I think it was the same with Morgan...why wait until he is truly suffering? I was so so hoping he would thrive.

Thank you for the pics...what a gorgeous grey boy, with those yellow eyes and thick velvety coat.

As I have quoted elsewhere: "Sometimes God takes our loved ones home to heal." - Carrie R., Colorado

Morgan, you are healed and whole and catching mousies for your Mom at the Bridge - and you will meet her in a wonderful place One Fine Day.

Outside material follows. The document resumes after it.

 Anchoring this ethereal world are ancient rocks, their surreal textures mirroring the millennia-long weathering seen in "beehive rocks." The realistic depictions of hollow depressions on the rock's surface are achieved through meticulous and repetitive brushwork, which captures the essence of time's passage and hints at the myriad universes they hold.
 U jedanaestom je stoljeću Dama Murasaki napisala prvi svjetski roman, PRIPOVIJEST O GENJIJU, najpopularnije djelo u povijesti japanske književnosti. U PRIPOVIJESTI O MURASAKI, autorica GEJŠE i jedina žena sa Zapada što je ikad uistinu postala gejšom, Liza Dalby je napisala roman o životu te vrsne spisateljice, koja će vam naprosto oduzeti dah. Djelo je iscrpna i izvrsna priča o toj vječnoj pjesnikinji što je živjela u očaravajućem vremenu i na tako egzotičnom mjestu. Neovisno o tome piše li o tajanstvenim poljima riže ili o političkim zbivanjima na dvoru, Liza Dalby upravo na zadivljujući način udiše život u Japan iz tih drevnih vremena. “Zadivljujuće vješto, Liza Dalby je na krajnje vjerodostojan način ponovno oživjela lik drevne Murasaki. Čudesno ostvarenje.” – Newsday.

Moe, I truly hope that when we pass from the earth, we see all our beloveds again, including our furbabies. It just wouldn't be Heaven without them. :love::love:

Barbara
10-05-2009, 03:25 PM
These are very sad news.
But I am still so glad you got that quality time to say good bye to Morgan.
The only thing that helps a little is to know that we did not let them suffer :(
Just like Tigris he enjoyed some special things- like bringing you that mouse.

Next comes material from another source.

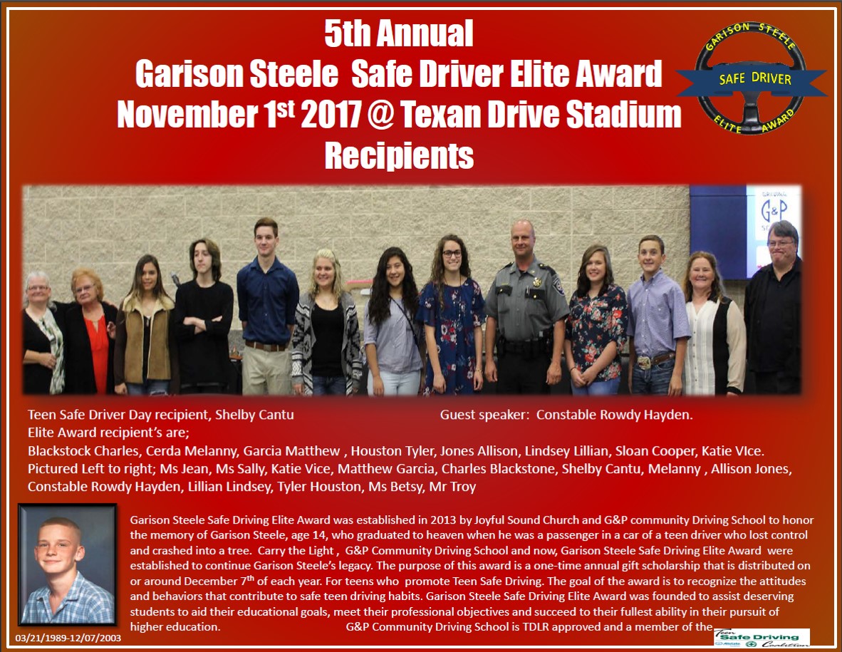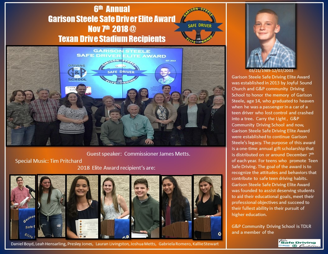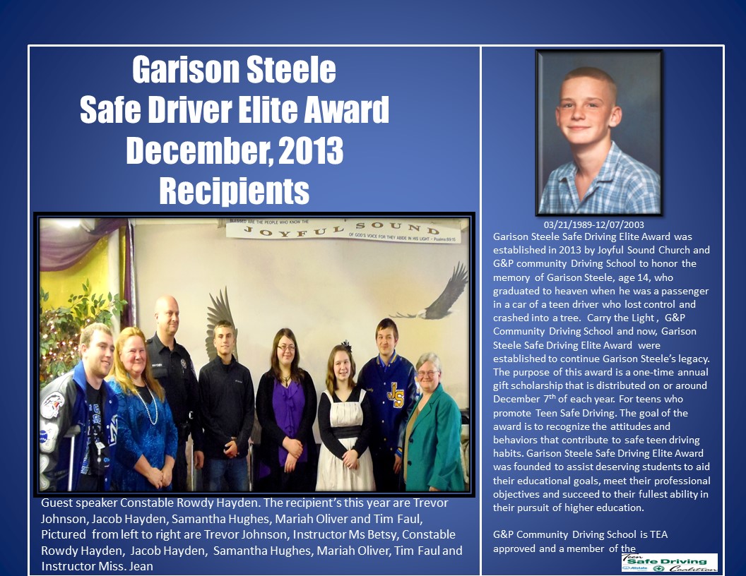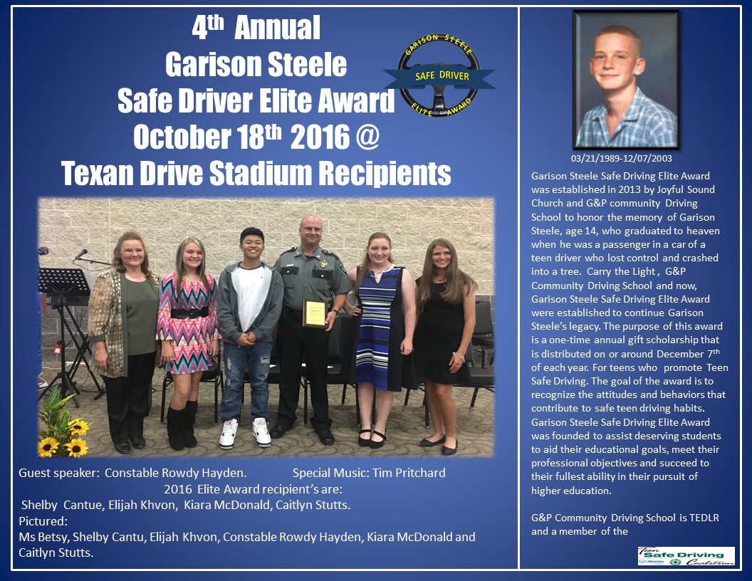 Scholarships Garison Award Application (Click image to download) Our Scholarship Winners Winners Start Driving School today! Get Started Register

This is a bad year for Pet Talk kitties. May he play happily at Rainbow Bridge.

phesina
10-05-2009, 03:46 PM
My very deepest sympathy to you, Moe and all the others who love him so dearly, on the loss of your beloved Morgan. What a wonderful, special cat! Thank you for posting those sweet pictures of him.

Rest in peace, dearest boy, you are greatly loved and greatly missed.

Prairie Purrs
10-05-2009, 04:29 PM
I'm so sorry. Morgan will never leave your heart. Such a sweet, handsome boy!

Rest well, Morgan. You left your meowmie with many special memories.

Pinot's Mom
10-05-2009, 04:39 PM
I've been looking for information on Morgan since we got home Saturday night, and didn't have a good feeling when I didn't see it...I'm so sorry. I know only too well how you're feeling. As I've posted, my RB kitty Jamara had a very similar condition. She was also solid grey.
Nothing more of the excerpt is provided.